In our discussions, we refer to a significant trend: a transition from relying solely on big data to incorporating both small and wide data. For example, wide data encompasses information sourced from various places about individual entities, such as products or customers. Consider a scenario where you want to gather insights on customers. Traditionally, one might create a customer database with a fixed number of columns for demographic and contact details. However, that approach is often insufficient today. Businesses now aim to capture additional details, such as the frequency of customer service calls or feedback from product reviews. This evolution highlights several key characteristics of wide data:
- Rigid data tables with a set number of columns are less effective, as customers may have varying numbers of service interactions and product reviews.
- Data originates from multiple sources, including demographic information, service logs, and online product reviews.

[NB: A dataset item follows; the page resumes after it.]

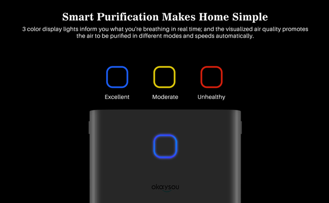 A beautiful square light panel on the front of the air purifier will change colors, based on the concentration of PM2.5.The tri-color light ring can be used as a high-speed reference for the indoor air quality, providing a clear picture of the quality of the air that you breathe.
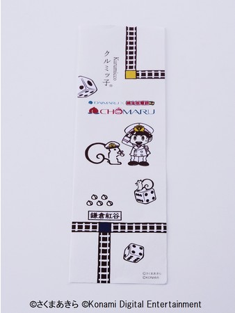 鎌倉土産の定番クルミッ子。桃鉄キャラクターをプリントした短冊型カードを、パッケージに差し込みました。

- Not all data is structured; for instance, product reviews often contain unstructured information.
Section 1.1: The Essence of Small Data
While small data may seem like the antithesis of big data, it offers a more nuanced understanding of individual items. For example, if you want to analyze why a specific product is underperforming in sales, you might typically consider various factors such as seasonality, geographic location, and competition. However, a deeper examination of when and why a product falls off a potential customer's shortlist can reveal significant insights for manufacturers, allowing them to influence buying decisions before the purchase. If suppliers are aware of competing products in a customer's shortlist, they can implement strategies such as competitive pricing, instant discounts, or unique product features to sway the decision.
The effectiveness of small data is often attributed to the unique attributes of specific data points, which may not conform to broader trends observed in big data. Consequently, conclusions drawn from big data analyses may not apply universally in these cases.
Subsection 1.1.1: Expanding Our Analytics Curriculum
Our Analytics major encompasses a wider array of topics. The curriculum addresses unstructured data, real-time streaming data, AI-driven insights extraction, and cloud-based analytics. These elements facilitate the examination of not just wide and small data but also big data. Streaming data, which continuously evolves, is another area of focus; relying solely on static data can quickly become obsolete. We introduce simple methodologies for working with streaming data in our minor, with an in-depth exploration in the major.
Chapter 2: Insights from Video Resources
To further enrich your understanding of these concepts, check out the following videos:
The first video titled "Common Mistakes in Big Data Models" discusses prevalent errors in big data strategies and offers tips for improvement.
The second video, "Sunburst Charts in Excel - Everything You Need to Know," provides a comprehensive overview of using sunburst charts for data visualization in Excel.